Consider Menger's thought experiment, which demonstrates the force of the subjective theory of value: shipwrecked on a desert island in the middle of the ocean, one values a glass of water more than a diamond, but only in that or a few other severely confined situations.

Austrians are better at understanding actual value, profit, than any other economic school, but that doesn't imply they're immune to tasteful design or crowd frenzy. While actual value usually wins out in the long run, prices are influenced by market emotion, momentum, and a variety of other factors, making all prices "always erroneous in retrospect," as Eugene Fama, theorist of the efficient market hypothesis, conceded. This is due to the fact that entire information is difficult to gain in retrospect and impossible in the present.

Behavioral economics provides Austrians with clear frameworks for identifying and analyzing the numerous types of financial market misbehavior that can and have occurred. Austrians can better avoid being pulled into risky investing fads like memes or nonfungible coins if they have this understanding. Furthermore, because behavioral economics can disclose when and how market actors are likely to be systematically wrong about the worth of something, informed Austrians can profit from price arbitrage possibilities over time by focusing on consumer wants and business responses.

Austrian business cycle theory provides a matrix for behavioralists seeking a more predictable macroenvironment for their choice architecture. After all, how can a world interest rate determined by a few unelected members of a private monopoly be predicted? Isn't it better to have pure market forces and a less elastic medium?

Yes, without a doubt, from the standpoint of risk reduction.
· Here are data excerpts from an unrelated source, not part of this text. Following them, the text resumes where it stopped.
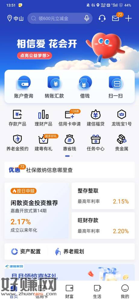2: 建行APP主页→任务中心→简单做任务拿积分抽话费、立减金、E卡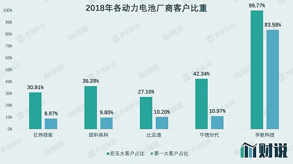 孚能科技客戶集中度之高,在行業(yè)中屬于異類。作為對比,2018年寧德時代前五大客戶銷售收入占比為42.34%,其中第一大客戶占比10.97%。比亞迪(59.700, -0.44, -0.73%)(002594.SZ)前五大客戶銷售收入占比為27.16%,其中第一大客戶占比10.2%;國軒高科前五大客戶銷售收入占比為36.28%,其中第一大客戶占比9.8%;億緯鋰能(59.170, -0.01, -0.02%)(300014.SZ)前五大客戶銷售收入占比為30.91%,其中第一大客戶占比8.87%。不難發(fā)現(xiàn),已上市的同類企業(yè),前五大客戶各自占比均較為平均。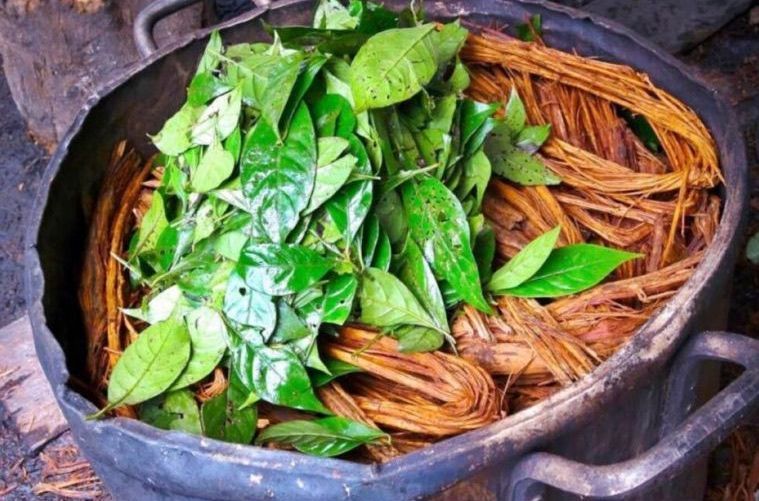 Deze heilige thee wordt gemaakt uit twee planten. Op traditionele wijze worden de Banisteriopsis caapi liaan en de bladeren van de Chacruna gebruikt om de drank te maken.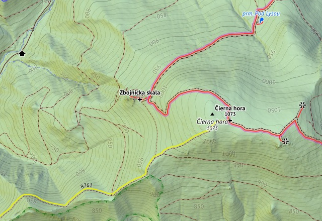 a približne na WP "Odbočka zo žltej" odbočiť doľava a po neznačnom chodníku až ku skalám (3,9 km, 1:45 h)
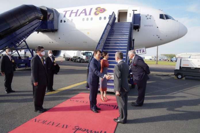 เมื่อวันที่ 4 พ.ค.66 (เวลา 08.03 น.)ตามเวลาท้องถิ่นของกรุงลอนดอน สหราชอาณาจักร ซึ่งช้ากว่าเวลาประเทศไทย 6 ชั่วโมง พระบาทสมเด็จพระเจ้าอยู่หัว และสมเด็จพระนางเจ้าฯ พระบรมราชินี ประทับเครื่องบินพระที่นั่งของบริษัท การบินไทย จำกัด (มหาชน) เที่ยวบินที่ TG 8886 เสด็จพระราชดำเนินถึงยังท่าอากาศยานลอนดอน สแตนสเต็ด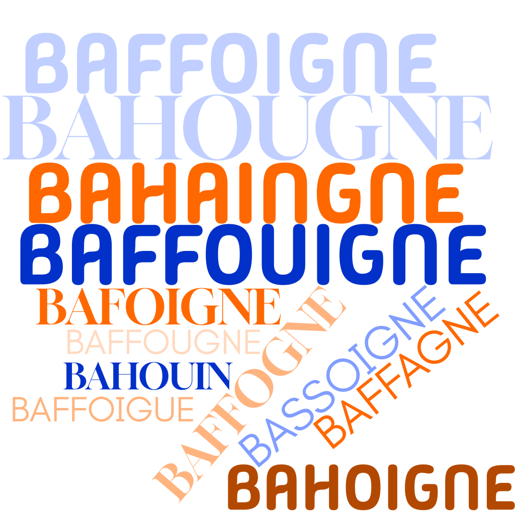 Nous avons eu en effet une famille, depuis la création de notre nom vers 1500, composée de notaires, juges, huissiers, etc., qui savaient tous écrire, et, génération après génération, bien que se nommant eux même oralement Bahouigne (prononciation gasconne) écrivaient Baffouigne ou Baffoigne. En effet, à Onesse-et-Laharie, Sindères, Morcenx, en gascon (dit aussi « patois »), il est quasiment impossible de prononcer BAFFOIGNE ; cela donne quelque chose entre BAHOUGNE (plutôt BAHOUIGNE) et BAHOGNE.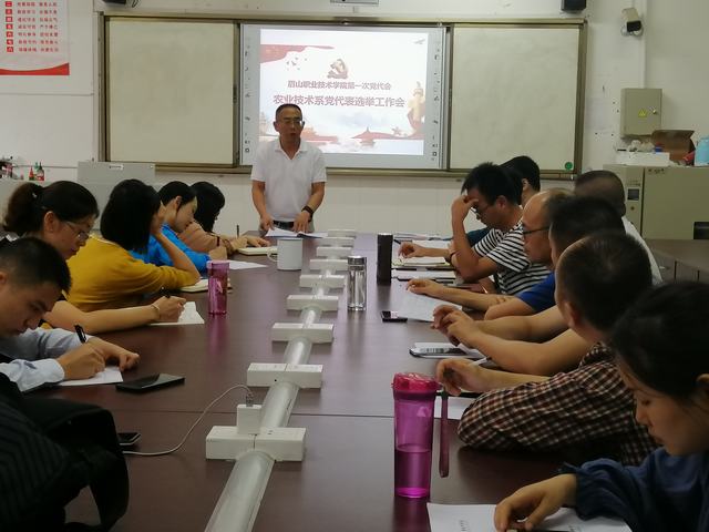 9月5日,农业技术系党总支召开党代会代表选举工作动员大会,部署代表选举工作。会议由党总支书记赵建聪主持,全体党员参加了会议。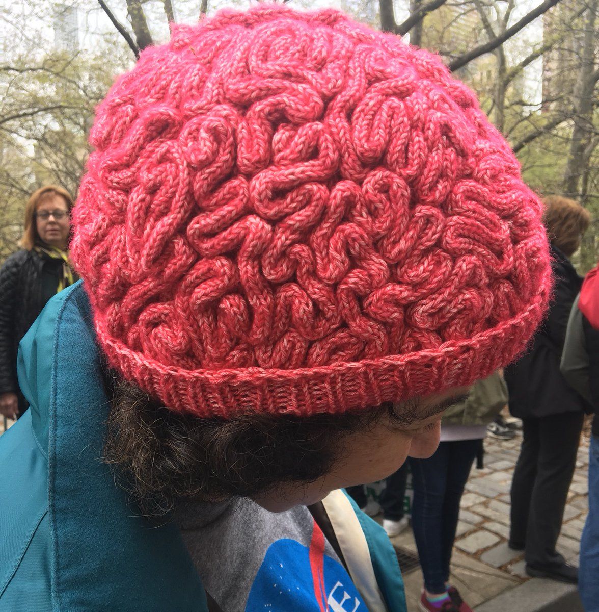 在科學大遊行的現場,一名女子頭戴「大腦毛帽」,吸引了眾人的目光。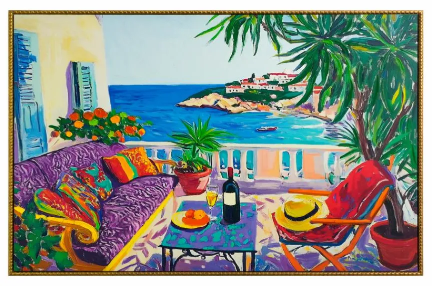 Farbenfroh und ausdrucksstark ist das Wandbild 82,8×82,8 cm Violett Summer, das gekonnt den Charme südlicher Gefilde vermittelt und Urlaubsgefühle weckt. So setzt das Deko Bild nicht nur tolle Akzente, sondern löst auch positive Gefühle aus. Lassen Sie sich vom Wandbild 82,8×82,8 cm Violett Summer verzaubern und schmücken Sie Ihr Zuhause mit Lebensfreude pur, festgehalten mit dem Pinsel.
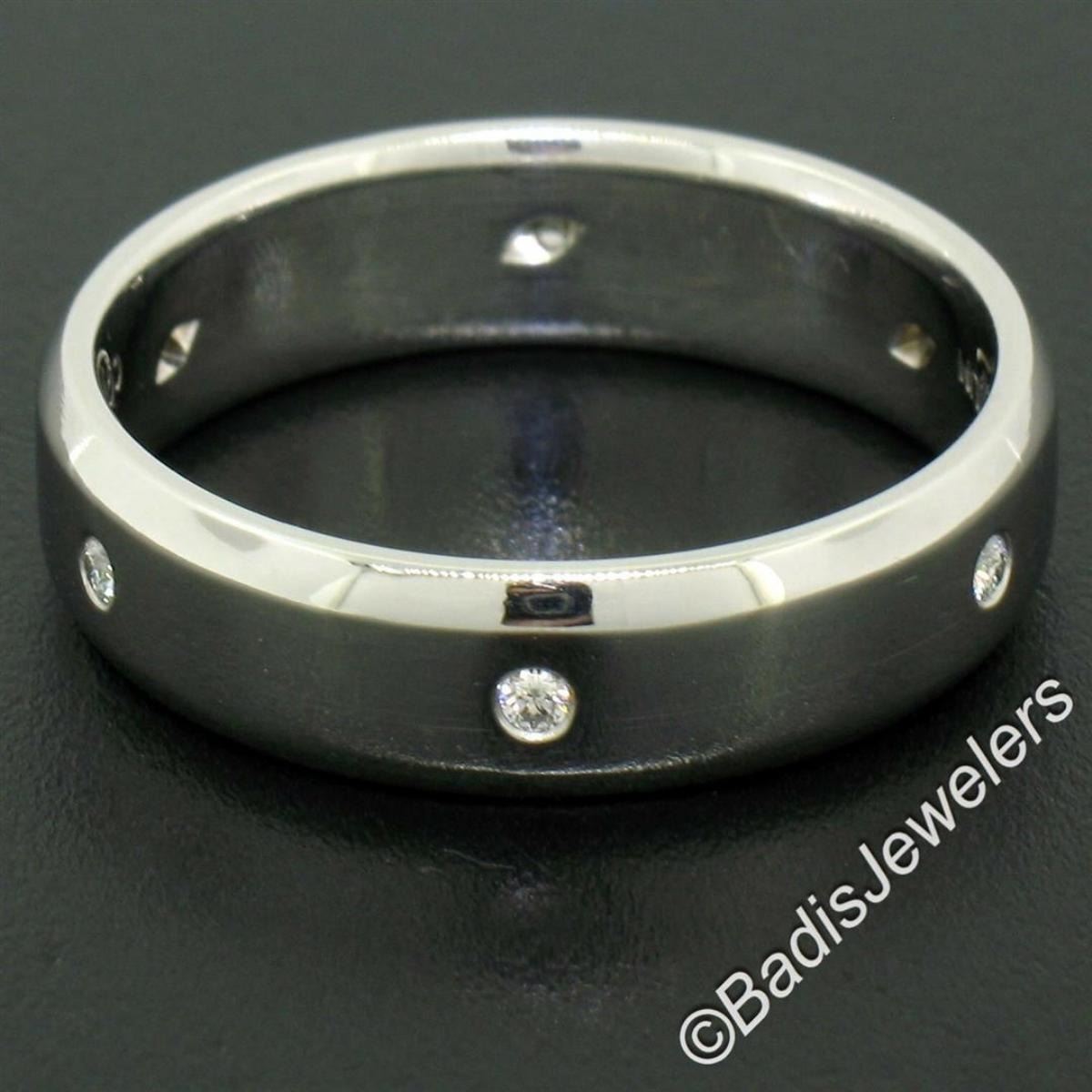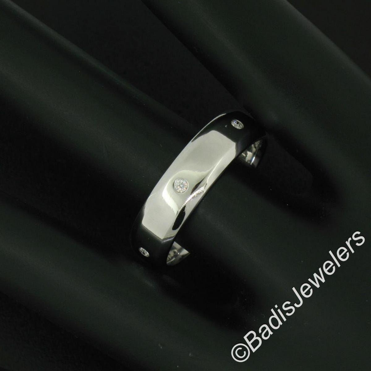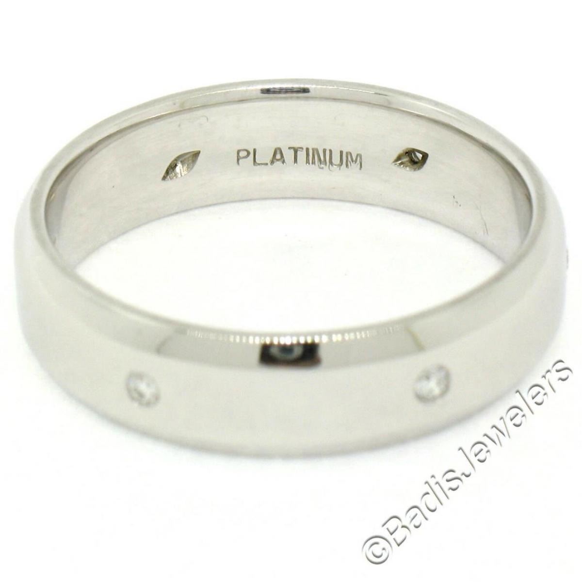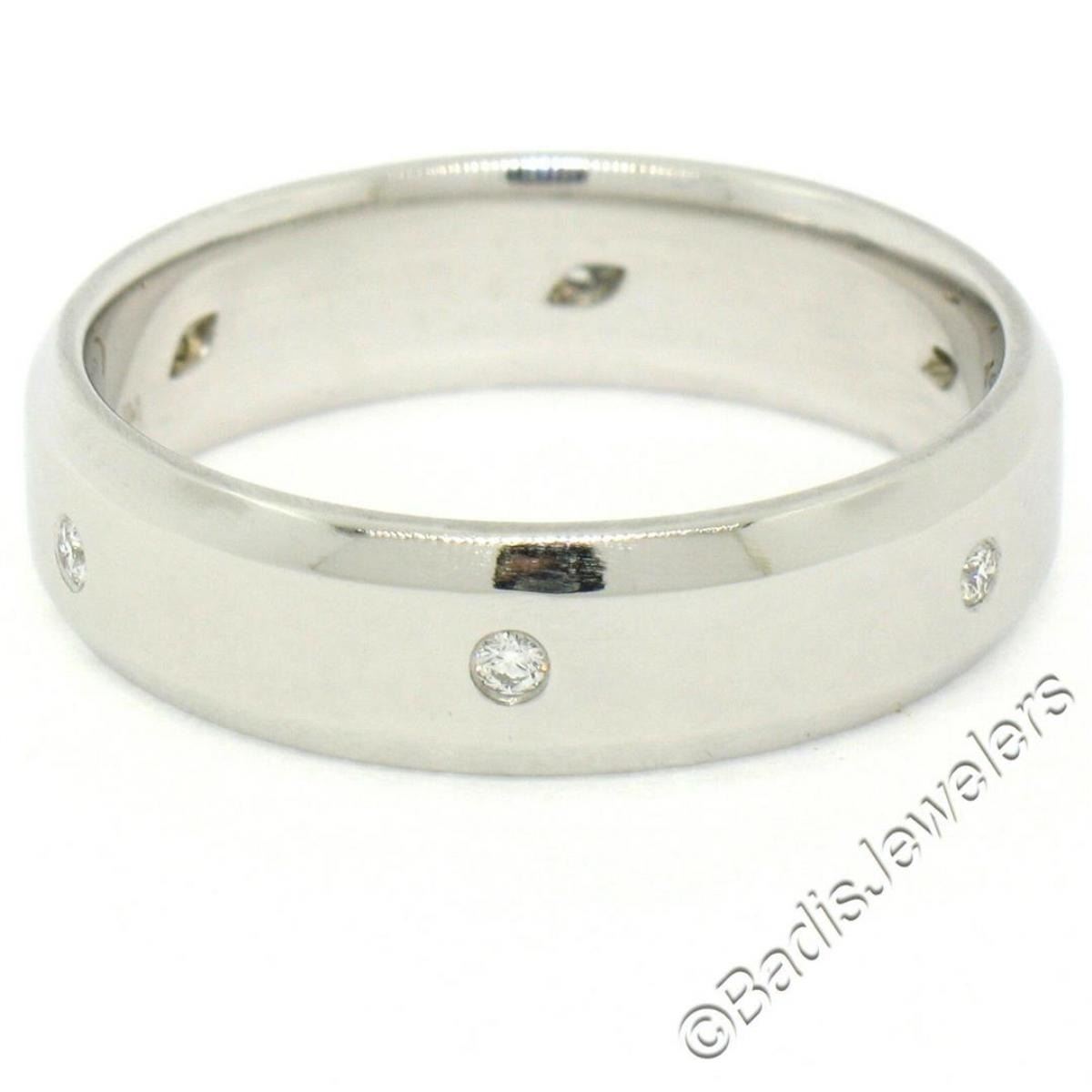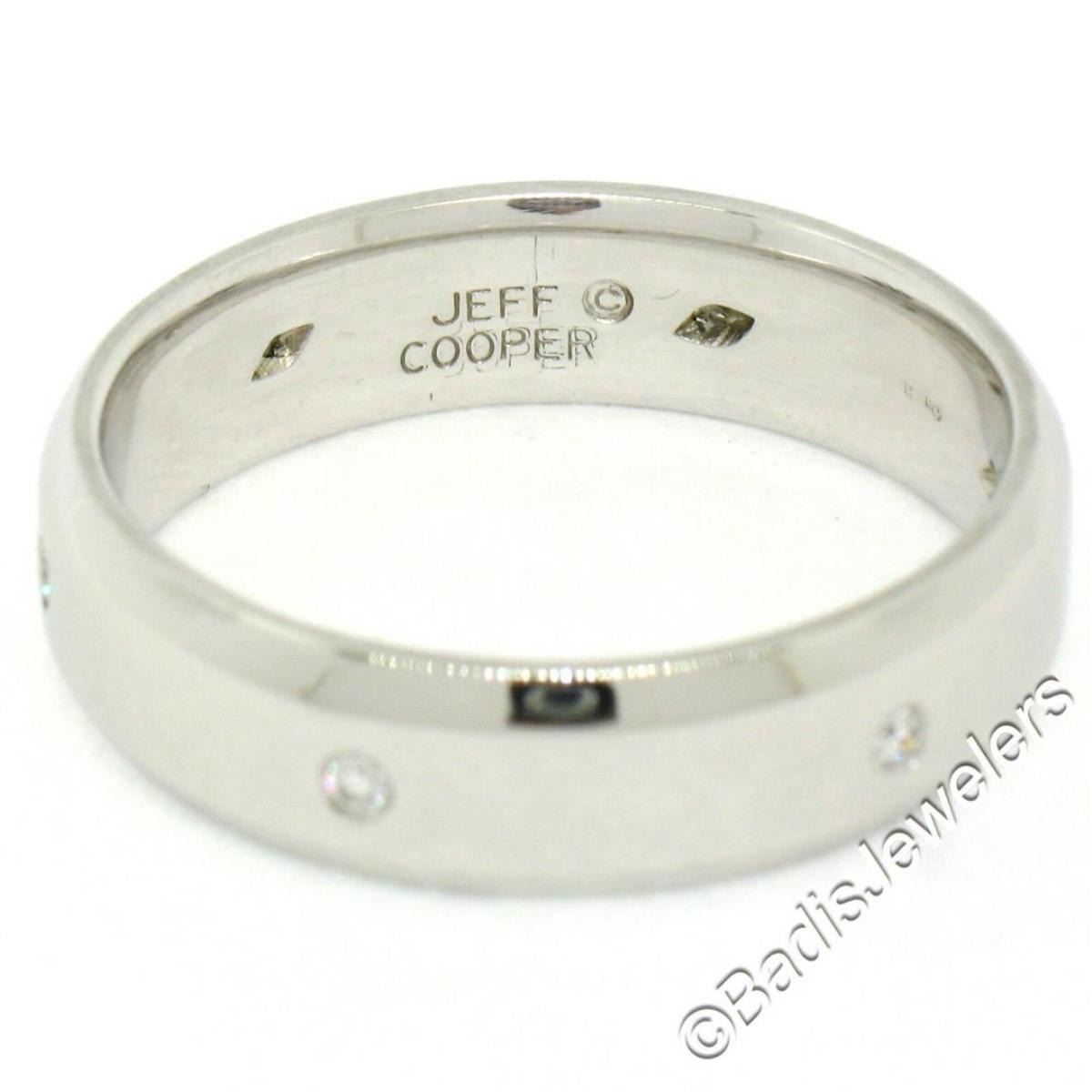 A like new men's platinum beveled band ring by Jeff Cooper burnish set with 0.12ctw of round diamonds. The ring is size 10, weighs a total of 11.7 grams, and measures 5.8mm wide.

To avoid any behavioralist objections to ABCT's apparent contradiction that lenders would continue to lend despite the fact that the economy was becoming too hot, as Joseph Salerno has demonstrated, this is not at all a contradiction. "As long as the music is still playing, we have to get up and dance, and the music is still playing," said one investment manager on CNBC a few months ago.

Client desire for returns may create bubbles, but it is bad monetary policy that permits them to reach truly disastrous levels. Everyone should now realize that the Federal Reserve kept the recent celebration going for far too long.

The only question now is how far down you can go.